MartinKolarik avatar Apr 10 '25 12:04 MartinKolarik

You are totally right, to differentiate between some f them will be pretty hard :(

Bladelol avatar Apr 10 '25 12:04 Bladelol

okay i think i found a solution for my usecase if you could provide an endpoint with the full list. I can filter for npm entries. After that i just have to lookup via npm the release timestamp of that explicit version and take the oldest one.

Bladelol avatar Apr 11 '25 09:04 Bladelol

@MartinKolarik should i close this bug-issue (or better creator-cant-read-issue xD) and make a feature request?

Bladelol avatar Apr 16 '25 08:04 Bladelol

No need to create a new issue, I'll take a look at this when I get some time.

MartinKolarik avatar Apr 16 '25 13:04 MartinKolarik

We could maybe add an option to list all packages that have the file instead of returning just one.

@MartinKolarik Personally I would find that useful/interesting; more so than just getting a single match for whatever the first source that happened to be accessed was.

It would also be potentially useful to be able to filter those down with a type param (similar to what other API endpoints have that let me specify npm / gh / etc)

I'm not sure how much this would complicate things, but maybe that could also be sorted by some kind of 'popularity' measure like download stats/etc.

For the example use case, I could probably guess that the intended version was the main npm version; but for other libraries I might not be as easily able to identify what the 'main canonical source' might be for that file; which is where I might be able to use the 'popularity' to help narrow it down (eg. if most of those results have 100/1000's of downloads, and then the main one has 1,000,000's of downloads; I could make a solid guess)

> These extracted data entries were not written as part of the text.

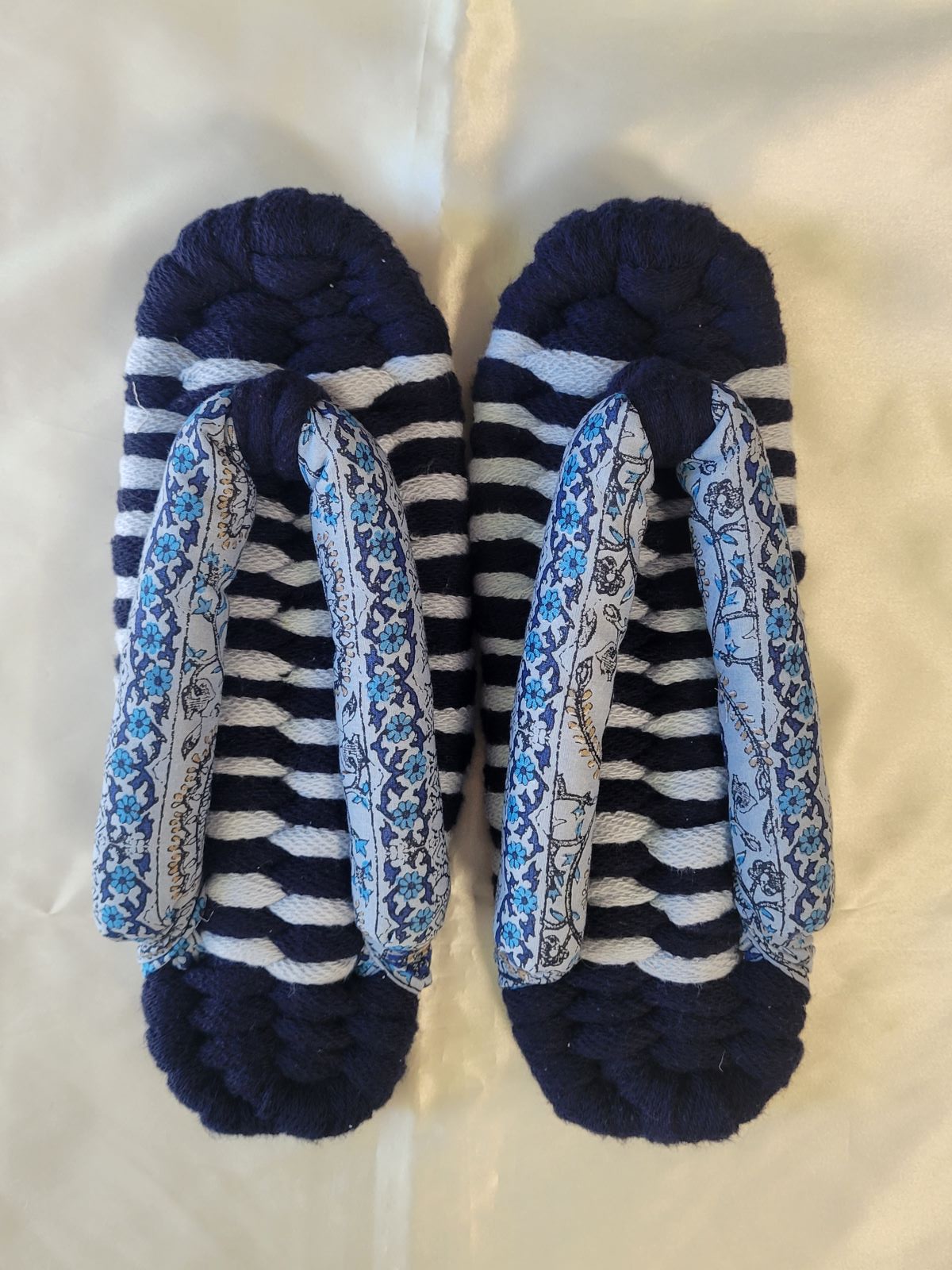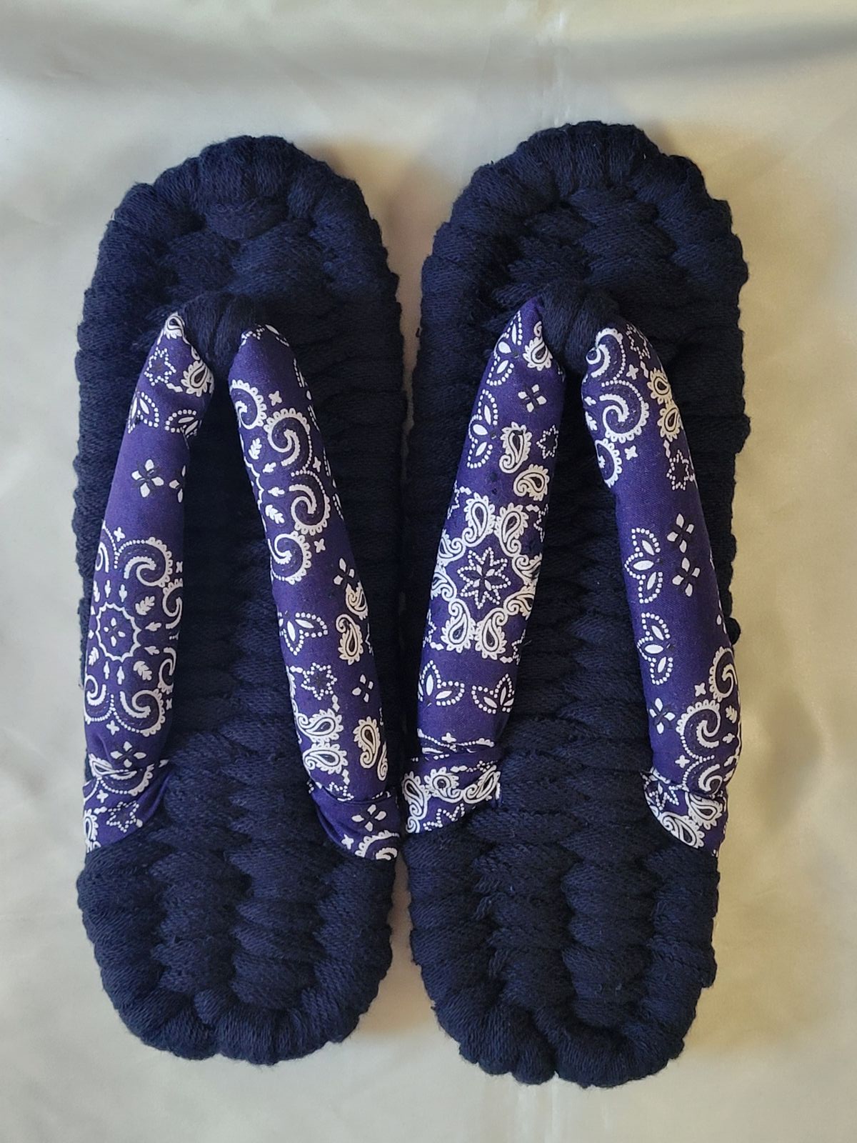 2足目です 紺色のベースに鼻緒に同系色のバンダナ柄を組みあわせて同一感があっておしゃれな1足です。ふんわりと編まれて履き心地も良さそうです
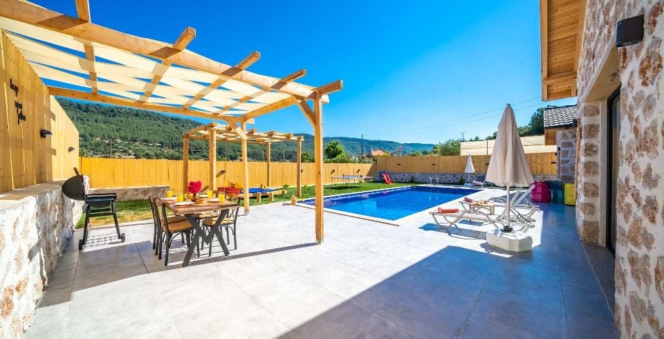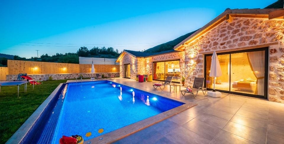Villa Ediz Kalkan Sarıbelen bölgesinde yer almaktadır. 2 yatak odasına sahip tatil villamız 4 kişilik konaklama kapasitesine sahiptir. Doğa içinde bir konuma sahip olan tatil villası havuz alanı bahçe alanı ile sizlere keyifli bir tatil ortamı sunmaktadır. Özellikle aileler için ideal bir seçenek olan Villa Edizmuhafazakar hassasiyete sahip misafirlerimiz içinde uygun bir tatil ortamı sunmaktadır.
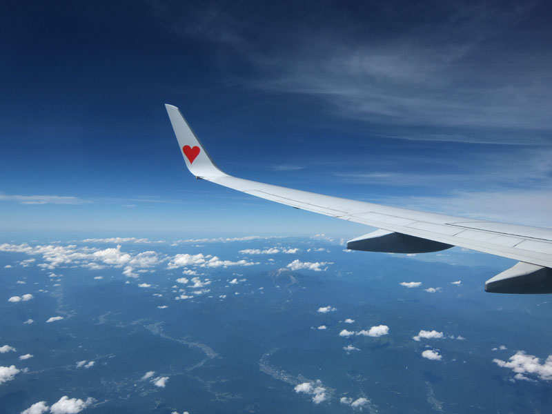 搭乗率は意外と高く8割くらい。神戸便と異なり観光客が多い。
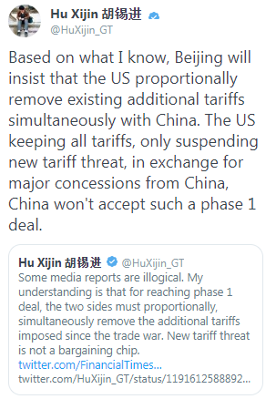 O comércio continua a dominar as manchetes com relatos de que o governo Trump está a considerar remover as taxas de US $ 112 mil milhões das importações chinesas, o que deu um impulso adicional durante a noite. Houve uma pequena queda quando o influente editor-chefe do Chinese and Global Times twittou o seguinte:
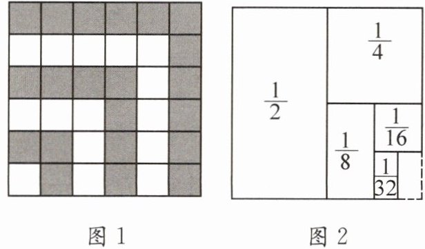 12. (2025·东部新区)“转化”是一种解决问题的常用策略,有时画图可以帮助我们找到转化的方法.例如借助图$1$,可以把算式$1 + 3 + 5 + 7 + 9 + 11转化为6^{2} = 36$.请你观察图$2$,可以把算式$\frac{1}{2} + \frac{1}{4} + \frac{1}{8} + \frac{1}{16} + \frac{1}{32} + \frac{1}{64} + \frac{1}{128}$转化为______.
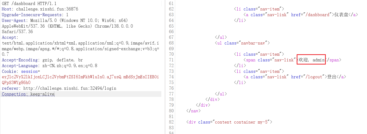 发现密钥明文存储,且 session 存储,Flask 默认就是 session,PHP 原生会话是 PHPSESSID,JWT 往往是自定义的 Cookie

A more complicated idea (that I'm not even sure if it would be viable), but that maybe could help figure out the 'canonical' version better, might be to:

  • lookup the hash and get a list of matching projects that have that file
  • for each of those projects, check the package.json / similar to see if this file is included in the main exports for that package

It looks like this is the file that handles the lookup:

https://github.com/jsdelivr/data.jsdelivr.com/blob/46389da6bcbf5ae5c153e03ba7e00cbfd2e5299b/src/routes/v1/LookupRequest.js#L6-L8

Which then calls into this to do the actual lookup:

https://github.com/jsdelivr/data.jsdelivr.com/blob/46389da6bcbf5ae5c153e03ba7e00cbfd2e5299b/src/models/File.js#L47-L59

So maybe to sort by downloads it could join against something like (from a quick/naive skim):

  • https://github.com/jsdelivr/data.jsdelivr.com/blob/master/src/models/PackageHits.js
  • https://github.com/jsdelivr/data.jsdelivr.com/blob/master/src/models/PackageVersionHits.js
  • https://github.com/jsdelivr/data.jsdelivr.com/blob/master/src/models/FileHits.js
  • etc

0xdevalias avatar Jun 18 '25 05:06 0xdevalias